Saturday, May 11, 2013

"Interrogatives............"

I’m five chapters into the autobiography of Malcolm X, a life violently taken in 1965, his name familiar to me only through the report of his death. I was twenty-three years old, going through a year of learning Russian in Monterey, California, courtesy of the United States Navy, married but ten months and my wife already pregnant carrying our first daughter. He was merely a black man in the news, another element of the racial upheaval taking place in this country, someone involved in “radical” protest, killed by his own people. Beth and I would spend a tour on a hunk of rock out in the Aleutian Islands before returning to Washington, D.C. and witnessing firsthand a bit of the “dream”, the anger, indeed history unfolding. It would be over a decade, however, before coming to Christ would open my eyes to the world around me, humanity in general, and my responsibility in the midst of it all. Now, in perusing this man’s life as he lays it out before me, I can see myself in his shoes and understand a bit of what brought him to his early hatred of white America and a rejection of Christianity as a whole. It was a different era, his culture and childhood environment nothing like my own. The Caucasian church in his neck of the woods worshipped on Sundays and lynched “misbehaving negroes” on Monday. Completing that picture, his own father was a pastor, one that would “preach the house down” and then come home to beat and abuse the wife and kids. Malcolm would become a teenage drug-addicted hustler on the streets of Harlem and eventually do time in prison, a Muslim group called “The Nation of Islam” gaining his allegiance, he rising within its ranks before finally walking away from the violence it advocated.
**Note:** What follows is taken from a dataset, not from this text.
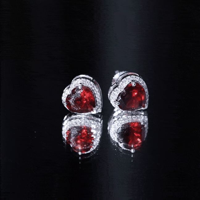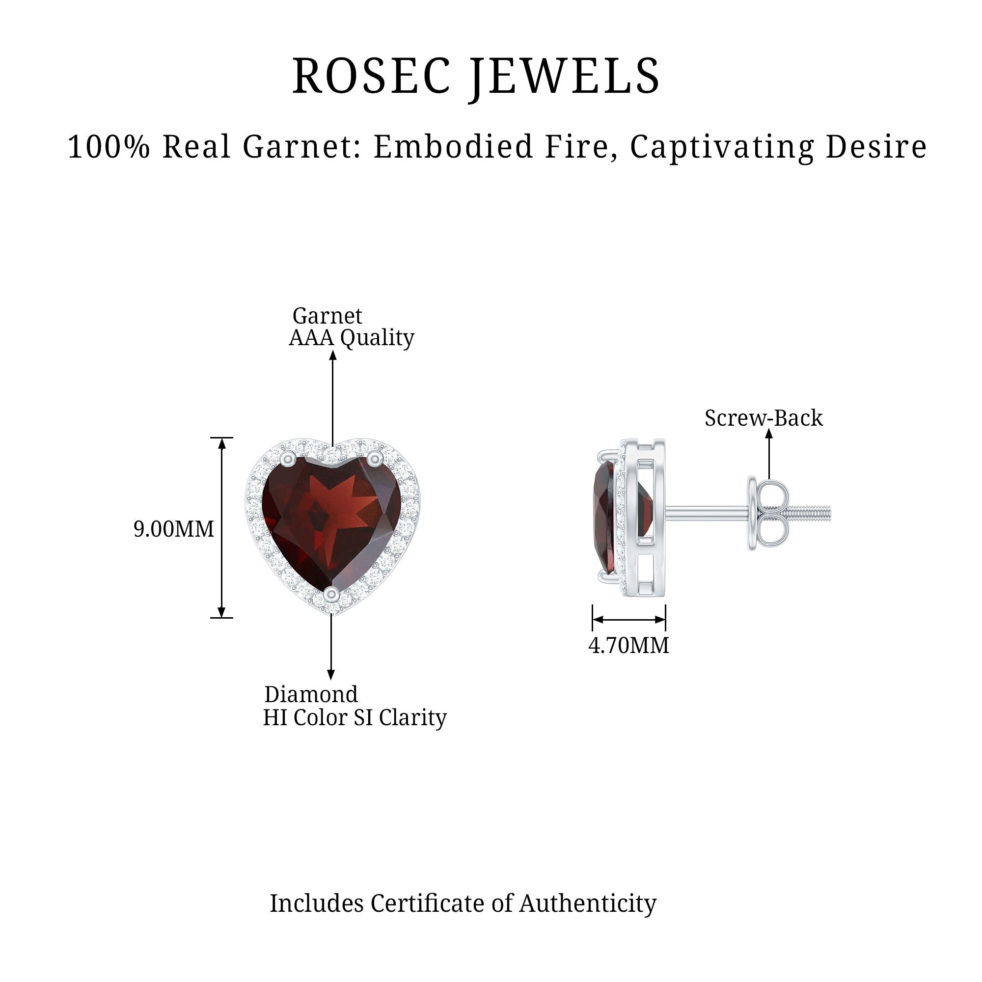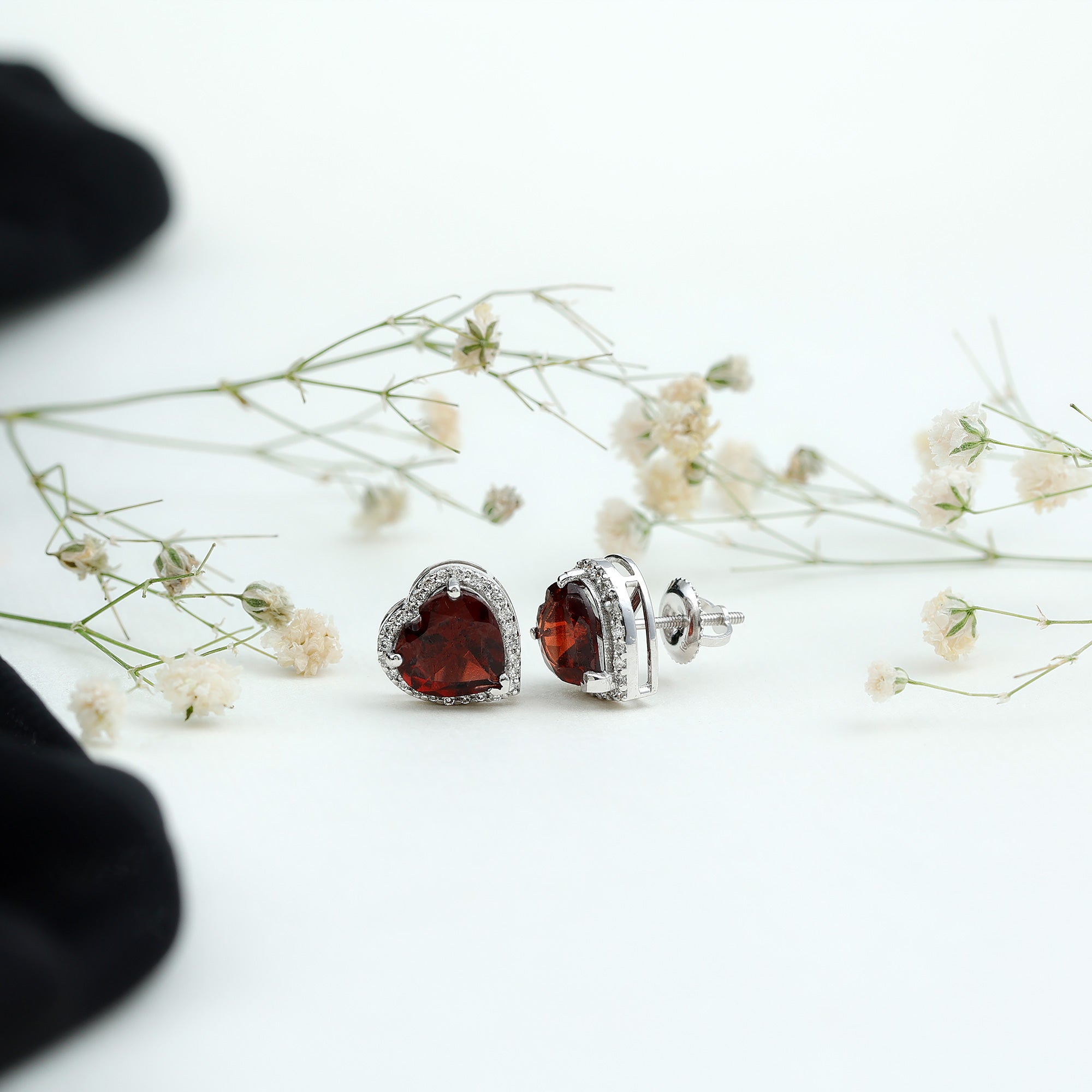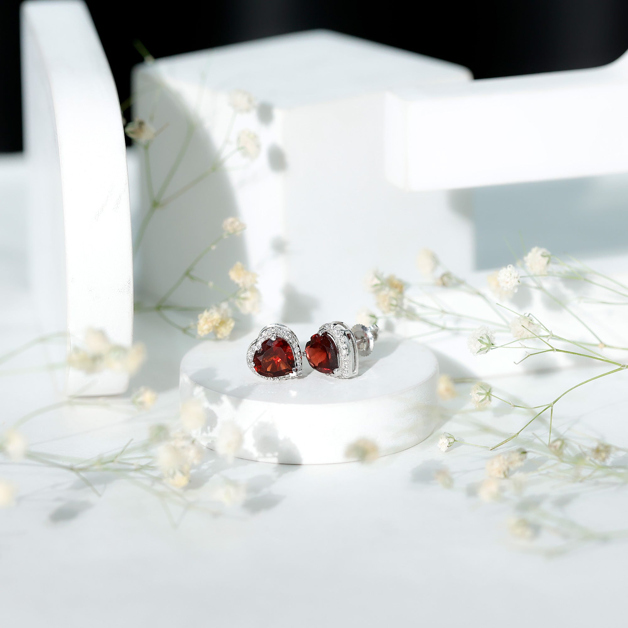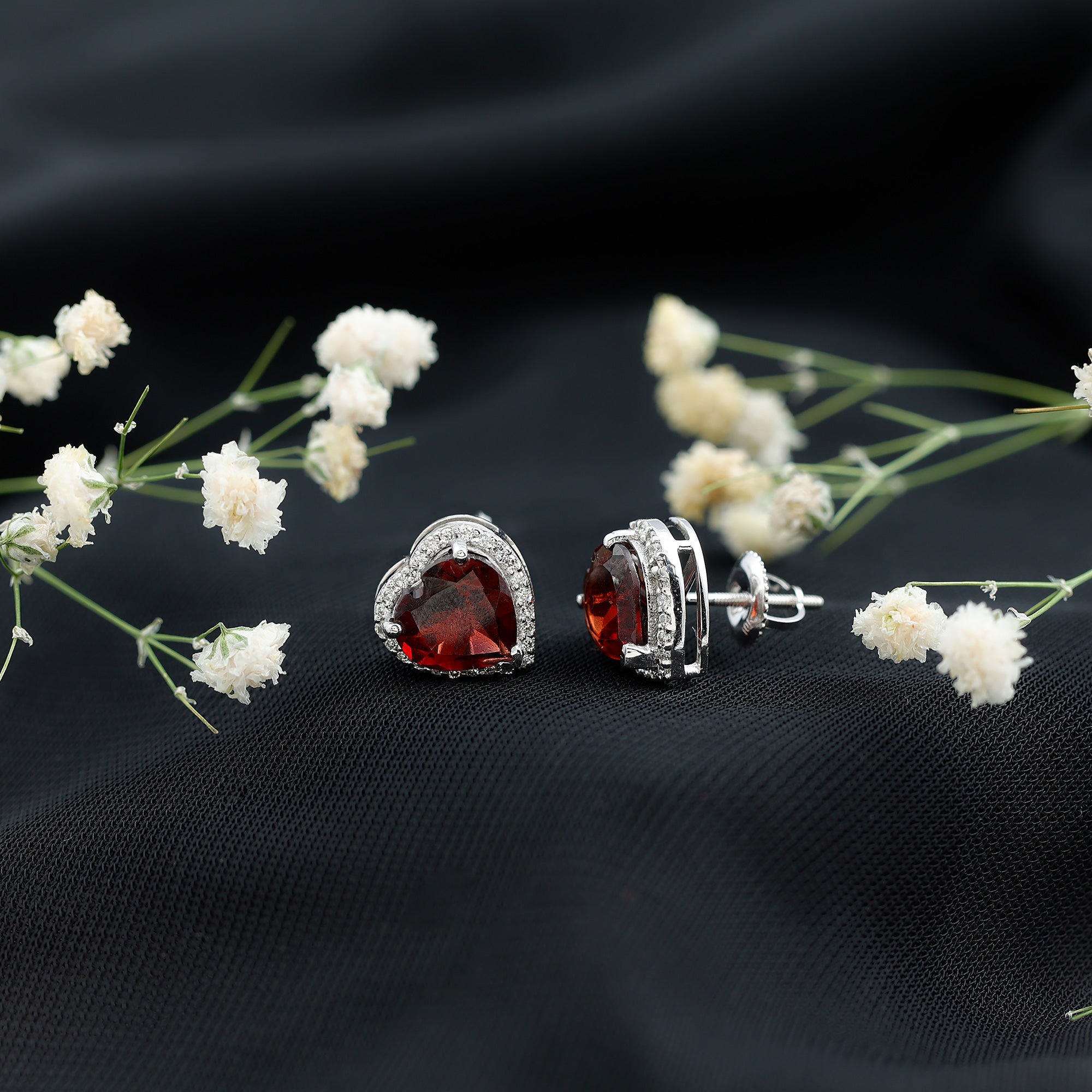 8.25 CT Heart Shape Garnet Stud Earrings with Diamond Halo

Such action prompted his assassination. Just another ghetto casualty? No concern of mine? There are many questions we might ask, no real answers if we are honest. Some would be quick to condemn him, there being no evidence of him ever coming to Christ; but, as for me, such judgment belongs to the Creator. He who knows all things, a man’s history, a man’s heart, and a man’s head, points to finality, in that day, beginning at the house of God…….

2 comments:

  1. We just never know, right? Good thing judgment isn't up to us. There's a great song in The Prince of Egypt called Through Heaven's Eyes.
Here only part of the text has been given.